| HN Mirror

Y	Hacker News new \| ask \| show \| jobs

by Cidan 3564 days ago

"...8-node DC1.8XL Amazon Redshift cluster for the tests."

Well, yeah. That's 28,108.80 a month if you're running queries on demand and don't want a delay/coordination in Amazon instance creation/destruction.

BQ may or may not be as fast, but it's truly a managed service; I give it our data and it just works. I don't have to worry about instances, boot up time, maintenance, hourly costs, etc. It's silly to focus just on query speed when there's a whole layer of management and cost that comes with it.

6 comments

paulasmuth 3563 days ago

>> Well, yeah. That's 28,108.80 a month

If you can't (or don't want to!) afford that kind of money for data analytics, please consider giving the FOSS alternative EventQL [0] a try some time.

It's super simple to set up and tries to be efficient on commodity hardware, so you can run large clusters (>100TB scale) for a couple hundred dollars a month.

[0] https://eventql.io/

DISC: I'm one of the EventQL authors

mej10 3563 days ago

How fast are group bys? Like say I have 120 billion rows, 25 not-sparse columns, and want to group by between 2-20 columns (5 of which are varchar), aggregating the other 5 columns?

What kind of hardware would I need to do that interactively? Or consistently sub-10 second, with 100s of queries per minute.

I have built a thing on Redshift that can do some of this, but it has been new territory for me and I am not sure I've done it "right". Constantly looking for alternatives.

manigandham 3563 days ago

Have you tried this on BigQuery yet? It's built for this kind of extremely large dataset.

You can also look at MemSQL for a distributed relational database with a columnstore. Run enough nodes and you might be able to hit your performance goals.

Jweb_Guru 3563 days ago

BigQuery makes it pretty easy to calculate how much you'll spend based on your bandwidth needs; unfortunately, if you do the math for the above use case, the answer is pretty discouraging... $5 / TB data processed, and the size in this context is explicitly the uncompressed size.

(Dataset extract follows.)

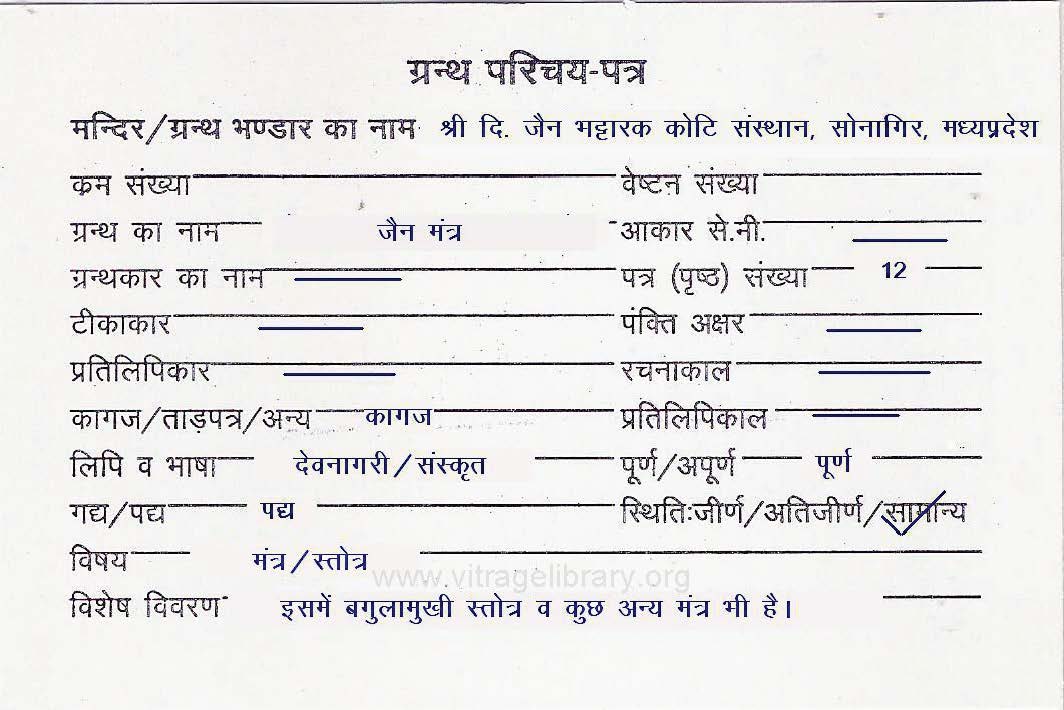 | Comments | : | This contains the Bagulāmukhī Stotra and some other mantras. |

Even if we're extremely generous and assume 4 bytes / column (almost certainly an underestimate given how many bytes they reserve for integers and timestamps), that is potentially 12 TB for the database, so you're paying $60 for a single query that hits the entire table. If you have 500 queries per month that hit the entire table, you're already paying as much as you would be for Redshift on 8 nodes, without even looking at any of the other queries.

The flat rate may improve things dramatically, of course, but the documentation's ambiguity about what you get with a "slot" makes it hard to say. And none of this is taking required bandwidth into account, because AFAICT there are no promises made on query response time... so I don't know if any of this would satisfy the 10 second requirement.

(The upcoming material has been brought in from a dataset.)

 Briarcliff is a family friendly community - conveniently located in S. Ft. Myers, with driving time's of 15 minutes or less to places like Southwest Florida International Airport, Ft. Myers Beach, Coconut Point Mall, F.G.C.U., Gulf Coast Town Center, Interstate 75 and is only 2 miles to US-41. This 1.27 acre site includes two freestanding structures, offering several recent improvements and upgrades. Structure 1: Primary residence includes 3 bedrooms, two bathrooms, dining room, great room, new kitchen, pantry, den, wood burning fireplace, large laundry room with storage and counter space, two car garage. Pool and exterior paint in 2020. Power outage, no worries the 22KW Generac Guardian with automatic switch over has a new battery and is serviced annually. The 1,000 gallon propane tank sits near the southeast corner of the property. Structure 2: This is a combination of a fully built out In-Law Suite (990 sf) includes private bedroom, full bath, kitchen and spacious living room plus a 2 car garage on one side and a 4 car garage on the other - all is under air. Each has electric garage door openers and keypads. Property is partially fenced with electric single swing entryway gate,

Either way, no matter how Google, MemSQL, or anyone else might try to satisfy these requirements, they can't get around the required hardware costs. At best, they can amortize them by buying in bulk and partitioning all their clients across lots of servers.

I don't work for any of these database providers, BTW, or use any of their products; I have no skin in this game. And I'm not even saying that paying $60 for that kind of query is necessarily a bad deal (when you consider what may be required under the hood). I'm just saying if you're looking for a cheap solution here you're not going to find it.

manigandham 3563 days ago

> I'm just saying if you're looking for a cheap solution here you're not going to find it.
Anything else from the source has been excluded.